El Gobierno empieza a plantear los primeros pasos de la desescalada del confinamiento, como es la posibilidad de salir a la calle una hora al día para los menores de hasta 13 años. En los hospitales españoles también se empieza a notar un pequeño alivio.

Esperanza Morillo, jefa de enfermería y medicina interna del Hospital La Princesa de Madrid, lo cuenta en El Objetivo: "Estamos mejor que antes. Parece que ha pasado lo peor y también estamos en fase de desescalada". "Ya hemos abierto camas para pacientes que no tienen COVID-19 y se están empezando a hacer cirugías y otro tipo de operaciones", cuenta.

Pero antes de llegar a este punto han tenido que sobreponerse a una situación excepcional para todos y muy crítica en especial para el sector sanitario. "No había camas suficientes y casi todas ellas estaban ocupadas por enfermos de coronavirus".

"Toda la vida hemos cuidado a los pacientes, pero nunca con EPIS".

También recuerda que "hubo una semana bastante dura en la que escaseaban los EPIS". "Tuvimos que echarle imaginación y utilizar batas esterilizadas, ahora tenemos de todo".

"Nos hemos tenido que acostumbrar a llevar los EPIS y a trabajar con ellos.

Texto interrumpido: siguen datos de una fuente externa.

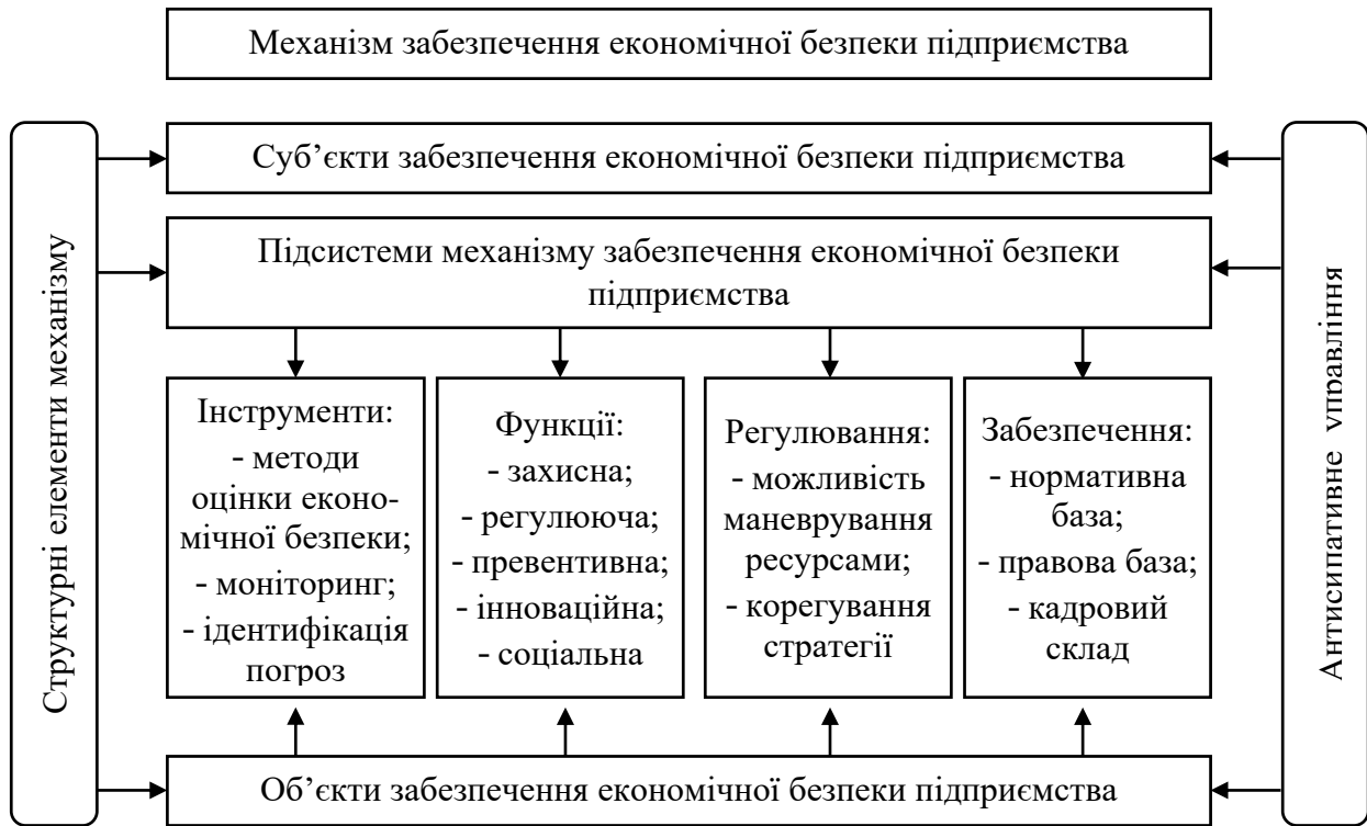
Рис. 2. Механізм забезпечення економічної безпеки підприємства [5, с. 67]

Суб'єктами механізму забезпечення економічної безпеки підприємства є особи, служби і підрозділи, які відповідають за рівень економічної безпеки. Перелік суб'єктів механізму забезпечення економічної безпеки індивідуальний для кожного суб'єкта господарювання та визначається статутними документами, організаційною структурою та штатним розписом.

Ha sido difícil cuidarles con estas características porque nunca lo habíamos hecho. Toda la vida hemos cuidado a los pacientes, pero nunca se nos había dado la oportunidad de hacerlo con equipos de protección", reconoce.

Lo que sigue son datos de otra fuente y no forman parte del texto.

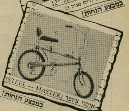
אופני צ'ופר (STEEL - MASTER) במבצע הנחות!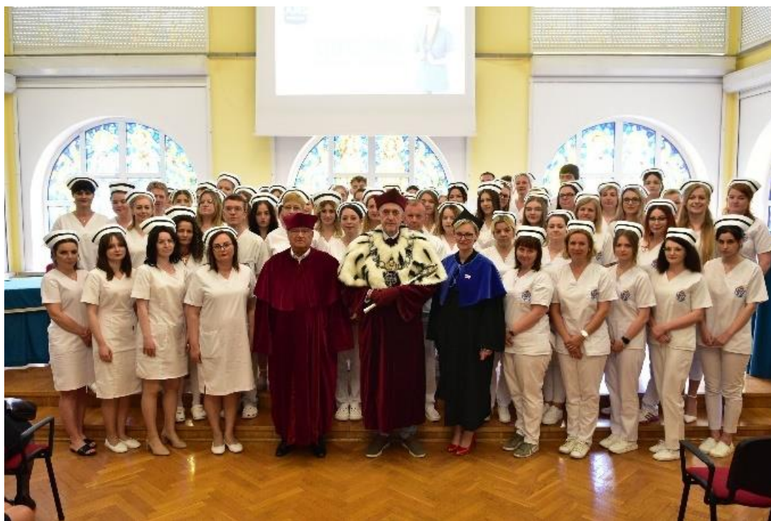
fot. 47–Czekpowanie studentów II i III roku pielęgniarstwa, w dn. 13 maja 2022 r.

Para tratar de acercarse a los enfermos y humanizar la situación, tuvieron la iniciativa de escribirse los nombres en sus trajes, para que ellos pudiesen llamarlas por su nombre.

También se han dedicado a leer cartas que hacían llegar al hospital y a conectar a los pacientes más mayores con sus familias a través de sus propios teléfonos móviles.

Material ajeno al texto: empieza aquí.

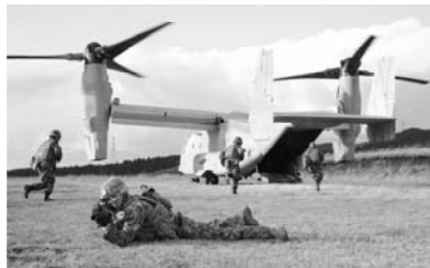
陸自水陸機動団と米海兵隊の共同演習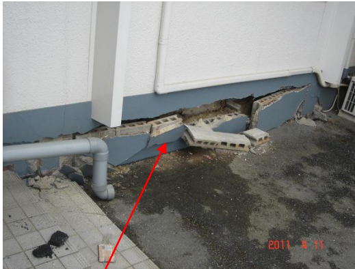
玄関脇の基礎の割れ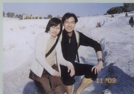
陳校友及高校友於土耳其旅行時攝。

聯合「湯宿一族」的誕生，牽引著我倆的相遇。結婚奏樂響起的一刻，亦造就了「湯宿一族」的重聚。也許，這就是「水塔」灌溉和「湯草」滋養下的緣份。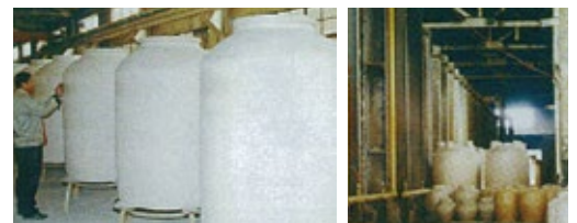
▲外観検査（白地検査）

外観検査（ひび、割れ、欠け）、安定性検査（すわりの悪さ）、水はり検査（水漏れ）、実際の貯蔵（液漏れ）を経て不良品が発生した場合は速やかに弊社にご一報願います。代金返却や次回納入での相殺などお打合せの上対応させていただきます。

"Hemos recibido más de 8.000 cartas de España y de fuera de España incluso. Desde una residencia de Pinto, hasta de una prisión de Zaragoza o de alumnos de español de Estados Unidos", relata. Todas ellas llenas de ánimos que han reconfortado sin duda a los pacientes.

los pacientes han sentido los ánimos.

De todos estos meses, considera que lo más duro es que "a pesar de la lucha y los esfuerzos ha habido pacientes que no han podido y han fallecido en la unidad". Por eso, "cada paciente que ha salido curado se ha celebrado como un triunfo".